The prototype of the first ever device for broadcasting and receiving radio signals appeared more than 120 years ago. At the time no one could have known that this invention would develop into one of the most powerful mass media instruments. What is the role of radio in our day, when information is but a click away – this is the question we put to Luchezar Tochev who lectures radio genres at the Faculty of Journalism and Mass Communication of the St. Klimen tOhridski University in Sofia.
“The difference between then and now is that anything you say in our day has to be brief. Fifty or sixty years ago, people did not have moving images at home. Times were much slower and they could sit down to listen to the radio. Nowadays nobody sits down, when they listen to the radio it is while they are doing something else.

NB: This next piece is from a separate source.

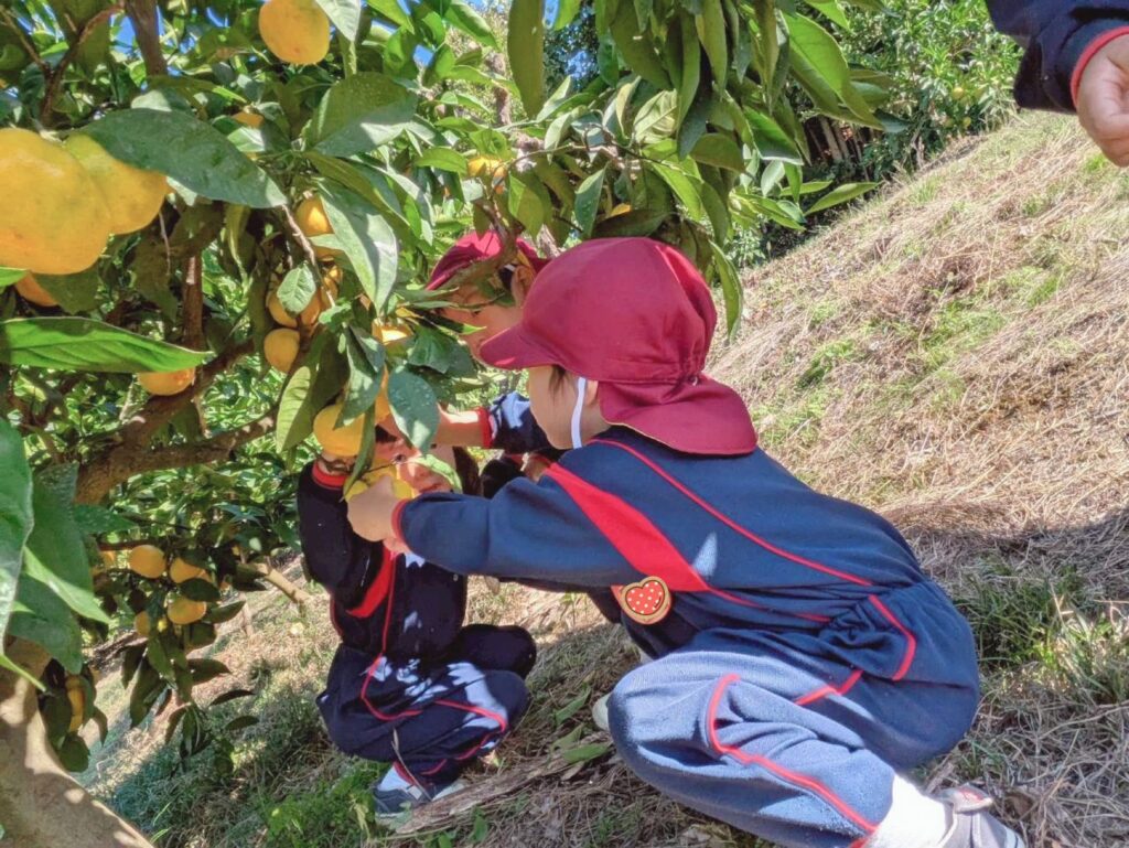 先日、秋の遠足に行きました。この日は縦割り活動である『にこにこ活動』のグループで回りました。異年齢のペアになってみかん山を回ります。「あっちの木のみかんがおいしいよ」「緑色より黄色の方が甘いんだよ」と教え合いながら楽しんでいました。年少組のお友だちの分をとってあげたり、お兄さんお姉さんになってお世話する姿も見られました。

I drive and I listen to the radio, I cook and I listen to the radio… That is why the genres of today must be much shorter, more concise. In this sense, from a purely technological point of view, the Internet is useful in that we can hear what we have missed any time we like. Music or information – they are all available as podcasts online any time.”
Is there any danger of the Internet taking the place of radio?
“The same thing was said when television appeared, theatre and stage actors and directors were all horrified when cinema started making its way. But as you can see, we still have theatre, cinema, television and radio, the Internet is just one more channel added to the sources of information we have access to, but it cannot replace the things that have existed before it.”
Whatever heights technology may reach, radio is still a leader in bringing information to places the Internet or other forms of mass media cannot reach. In this respect Radio Bulgaria was a major success in its day, with its broadcasts on shortwave in 11 languages. There were even DXers who suggested that international shortwave broadcasts and online podcasts find a place on the UNESCO intangible cultural heritage list.